Featured Artist: Shahna Lax, the Mystic in the Mountains

14 Feb
2012

By Elke Reva Sudin, Edited by Dena Schupper

Divir and Devorah

Crestone, Colorado, is an hour from nowhere and not even equipped with high-speed Internet access, but it’s where Shahna Lax has made her home for the last 23 years. She lives a life without television, though in another life she used to be a tech serve for IBM. Shahna is a devout gardener and a contemporary artist who works in copper…and also considers herself a mystic who creates art with Judaic themes. What is her motivation? Shahna is interested in Hiddur mitzvah, the beautification of doing mitzvot, the concepts behind them, and not the sales of “Judaica.”

Shahna was raised as a part of the Conservative movement, the daughter of Ben Jay Lax (one of the founders of camp Ramah, and University of Judaism in LA).

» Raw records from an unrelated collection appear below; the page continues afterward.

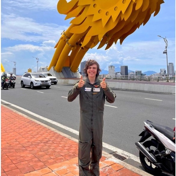 | Phi công trẻ tuổi Mack Rutherford check in Cầu Vàng Đà Nẵng - Ảnh: Đại sứ quán Anh |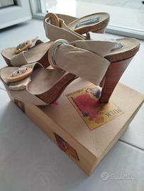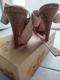 Sandalo con fascia in cuoio regolabile alla caviglia. Effetto nude. Plateau 2,5 cm e tacco 10 cm. Misura 37 Usato solo una volta in sfilata.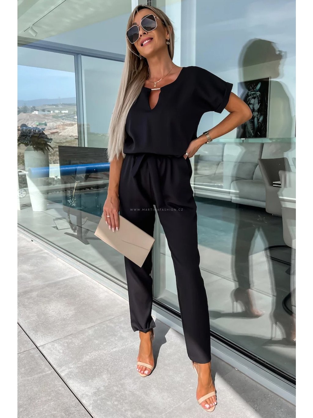 Elegantní overal s krátkým rukávem, páskem a lehkým výstřihem. Skvělá volba do práce i na společenské události.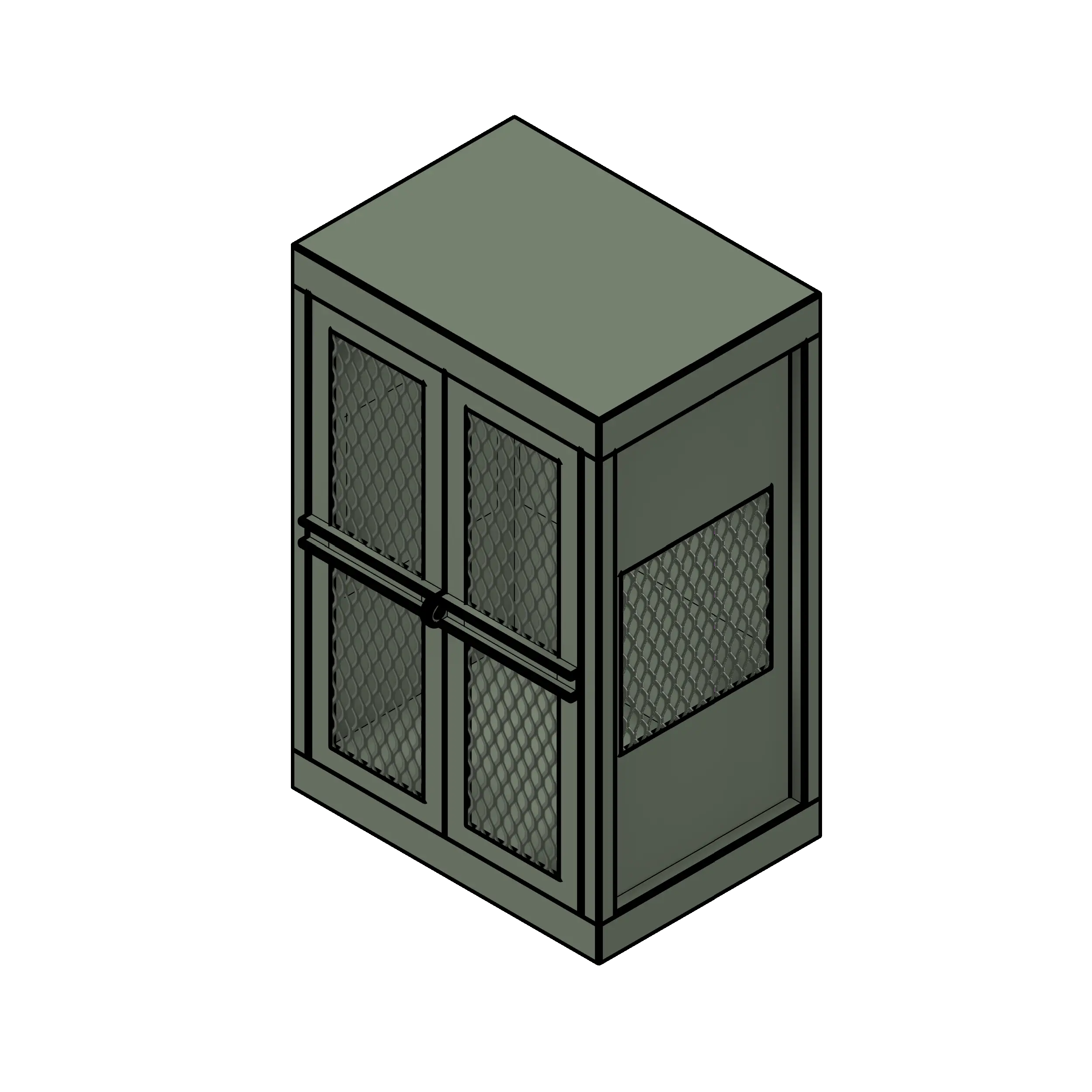 This universal weapons rack system is highly flexible and easy to use. After placing, simply select the desired width and height. You may add carrying handles by using the ADD_Handles check box. The universal weapons rack can also be viewed open by toggling between the options under "Visibility".
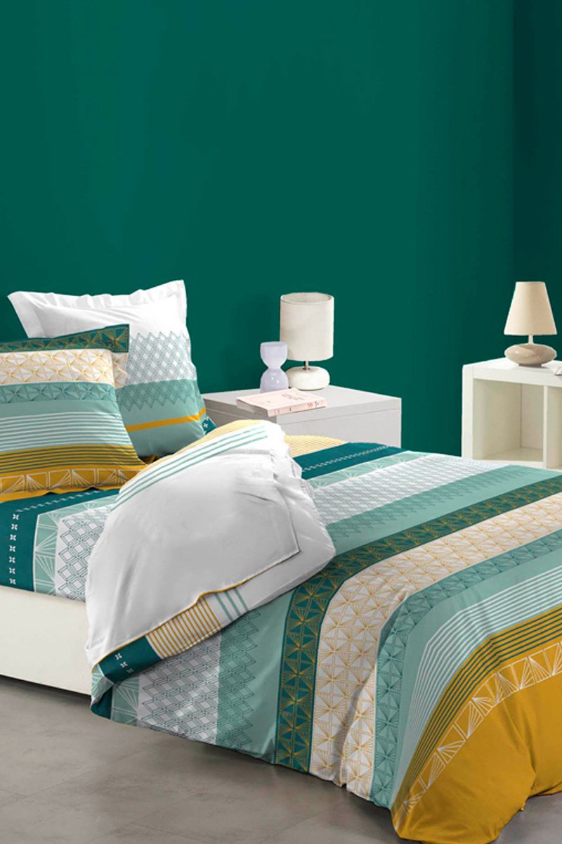 Parure de couette en coton 42 fils/cm² - Juliane - Blanc et bleu

Her father died was she was about 10. To describe her household, “[we were the types] to turn down the television to make Kiddush.” When she was 15, she tried to leave home (although she “idolized” her father) but left for good after graduating from high school at 17. In Israel, she “started at a kibbutz to get started and transferred to a university from there.” She studied Hebrew etymology and medieval commentary at Haifa University. Both studies would later inspire her copper work. When Shahna travelled to Crestone, she met a man at a Pesach seder who owned two lots in Crestone, one of which he had to sell within the week. She left her home in Santa Barbara, and used the opportunity to escape to the countryside.

Crestone is home to a large community of Buddhists; Shahna saw what she considered to be idolatry going on all around her. During a tour of “relics” (ashes from cremated Buddhist teachers) that came to Crestone, Shahna was invited to give a Jewish blessing for these remains during a program. “Everyone was sitting in a room–everyone in the room was either Jewish, or had names like Christine, all the wannabe Buddhists–that came for these remains.“ Shahna came home “really pissed” and was infuriated by the absence of commitment to “realizing the internal essence of divinity, instead [there was] this external crap.”

Toward the Higher Fidelity

“My work is my commitment and fidelity. In Hebrew we have avodah (worship). I recognize that the practice of it is a skill.” Shahna went on to create the series Toward the Higher Fidelity (2010), after being inspired by David White, a poet who revealed that holiness is a relationship, a marriage. “Traditional marriages, marriage to one’s work, and marriage to one’s self, if you can accomplish all three without compromising, then you can experience something beyond them.“

Ketuba

Shahna believes that “limitations lead to breakthroughs,” and incorporated that lesson, as well as the idea of marriage, in her copper work, Ketuba (2008). It was an almost impossible assignment because the father of the bride didn’t want to see the words (which is strange for an item that is important because of the text, not necessarily the decoration), and the bride wanted a tree design. Shahna was able to solve this by etching the text in the copper, so you only see it in certain lights, and incorporating a tree as an extreme landscape, since all trees grow short and wide (common knowledge for a mountain dweller).

She had no idea how to deal with the compositional limitations until she came up with a right to left, to back to right structure that went around, and suddenly she realized it was the form of the Hebrew letter chet. “Like a wedding chupah!” To accommodate the organic arches of the tree limbs Shahna made the limbs rise up above the chuppah before coming back around, which brought it away from the masculine rectangular form and formed it into a more feminine arch.

Shahna continued the expression of the holy place that is expressed through a symbolic (and feminine) form with her pieces, Divir and Devorah (2009). “In my circle in LA, friends and teachers, loved the word Divir–Asher biavodah bedivir beitecha, (“return your work to your house”). We communicate just like bees doing the waggle dance–did you know that all bees that make honey are feminine? And the semetic languages all use the feminine forms for bee? As a gardener I feel very sensitive to that issue and to the vulnerability of what that means.” Divir and Devorah sold almost immediately.

Although she is living in a remote place, Shahna is following the Bat Kol. She thinks that the Baal Shem Tov would have a high regard for living in the mountains, near the great sand dunes, and high desert, immersed in nature.